§ **ACTIVITY**
Begin at the top of the following data. Copy each line exactly until you have copied the line containing "2025 - 2026".

⁂

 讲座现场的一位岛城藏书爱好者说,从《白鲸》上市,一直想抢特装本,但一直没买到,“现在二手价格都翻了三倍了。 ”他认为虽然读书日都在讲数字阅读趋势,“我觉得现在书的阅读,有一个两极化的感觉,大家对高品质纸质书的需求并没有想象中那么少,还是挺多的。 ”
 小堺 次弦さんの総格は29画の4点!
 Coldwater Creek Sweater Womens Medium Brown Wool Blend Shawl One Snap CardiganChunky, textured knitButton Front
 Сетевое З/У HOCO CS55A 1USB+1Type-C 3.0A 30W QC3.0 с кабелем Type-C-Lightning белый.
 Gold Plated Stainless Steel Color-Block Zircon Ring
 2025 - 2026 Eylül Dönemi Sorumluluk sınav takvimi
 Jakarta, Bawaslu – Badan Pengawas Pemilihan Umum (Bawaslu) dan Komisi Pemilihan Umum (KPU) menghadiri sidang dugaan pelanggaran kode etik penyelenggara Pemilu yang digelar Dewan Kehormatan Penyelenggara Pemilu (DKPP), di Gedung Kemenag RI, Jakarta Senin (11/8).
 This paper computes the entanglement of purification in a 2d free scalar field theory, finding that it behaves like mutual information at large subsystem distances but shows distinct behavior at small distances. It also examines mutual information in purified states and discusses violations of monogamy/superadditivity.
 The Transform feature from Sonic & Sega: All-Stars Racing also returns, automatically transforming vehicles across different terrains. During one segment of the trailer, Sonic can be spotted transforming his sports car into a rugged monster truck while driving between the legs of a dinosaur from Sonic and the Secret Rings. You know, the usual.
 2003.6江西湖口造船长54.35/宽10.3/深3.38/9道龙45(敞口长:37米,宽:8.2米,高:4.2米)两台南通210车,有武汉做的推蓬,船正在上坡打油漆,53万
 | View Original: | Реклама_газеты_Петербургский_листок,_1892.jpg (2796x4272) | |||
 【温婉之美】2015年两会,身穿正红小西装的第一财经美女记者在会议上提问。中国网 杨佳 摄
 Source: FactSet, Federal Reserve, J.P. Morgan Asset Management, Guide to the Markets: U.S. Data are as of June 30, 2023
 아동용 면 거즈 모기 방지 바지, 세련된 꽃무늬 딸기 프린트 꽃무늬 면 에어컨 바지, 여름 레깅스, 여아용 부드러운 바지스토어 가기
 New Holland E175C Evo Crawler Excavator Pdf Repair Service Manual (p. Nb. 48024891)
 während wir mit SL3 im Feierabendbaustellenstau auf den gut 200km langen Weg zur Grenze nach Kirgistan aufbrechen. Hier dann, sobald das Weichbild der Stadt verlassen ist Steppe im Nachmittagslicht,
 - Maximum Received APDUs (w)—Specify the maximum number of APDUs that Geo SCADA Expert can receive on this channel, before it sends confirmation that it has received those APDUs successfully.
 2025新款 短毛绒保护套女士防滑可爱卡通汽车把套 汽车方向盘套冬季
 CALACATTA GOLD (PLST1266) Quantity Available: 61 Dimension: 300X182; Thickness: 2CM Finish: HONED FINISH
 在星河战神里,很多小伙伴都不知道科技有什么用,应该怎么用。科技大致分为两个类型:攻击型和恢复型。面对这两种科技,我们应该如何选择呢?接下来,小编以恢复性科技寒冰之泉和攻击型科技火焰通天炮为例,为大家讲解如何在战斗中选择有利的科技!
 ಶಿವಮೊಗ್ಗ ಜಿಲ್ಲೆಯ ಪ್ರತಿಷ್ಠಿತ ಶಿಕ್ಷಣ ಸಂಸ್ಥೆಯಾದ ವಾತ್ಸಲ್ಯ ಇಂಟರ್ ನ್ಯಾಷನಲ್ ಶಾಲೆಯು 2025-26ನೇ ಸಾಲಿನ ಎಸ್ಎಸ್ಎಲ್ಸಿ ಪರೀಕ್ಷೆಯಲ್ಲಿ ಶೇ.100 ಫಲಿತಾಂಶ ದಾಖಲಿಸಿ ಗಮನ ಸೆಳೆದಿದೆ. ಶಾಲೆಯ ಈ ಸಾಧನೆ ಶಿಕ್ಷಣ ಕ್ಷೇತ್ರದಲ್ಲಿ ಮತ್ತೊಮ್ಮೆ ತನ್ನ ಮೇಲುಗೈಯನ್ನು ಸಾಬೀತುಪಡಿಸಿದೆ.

⁂

§ **WRITTEN RESPONSE**
 讲座现场的一位岛城藏书爱好者说,从《白鲸》上市,一直想抢特装本,但一直没买到,“现在二手价格都翻了三倍了。 ”他认为虽然读书日都在讲数字阅读趋势,“我觉得现在书的阅读,有一个两极化的感觉,大家对高品质纸质书的需求并没有想象中那么少,还是挺多的。 ”
 小堺 次弦さんの総格は29画の4点!
 Coldwater Creek Sweater Womens Medium Brown Wool Blend Shawl One Snap CardiganChunky, textured knitButton Front
 Сетевое З/У HOCO CS55A 1USB+1Type-C 3.0A 30W QC3.0 с кабелем Type-C-Lightning белый.
 Gold Plated Stainless Steel Color-Block Zircon Ring
 2025 - 2026 Eylül Dönemi Sorumluluk sınav takvimi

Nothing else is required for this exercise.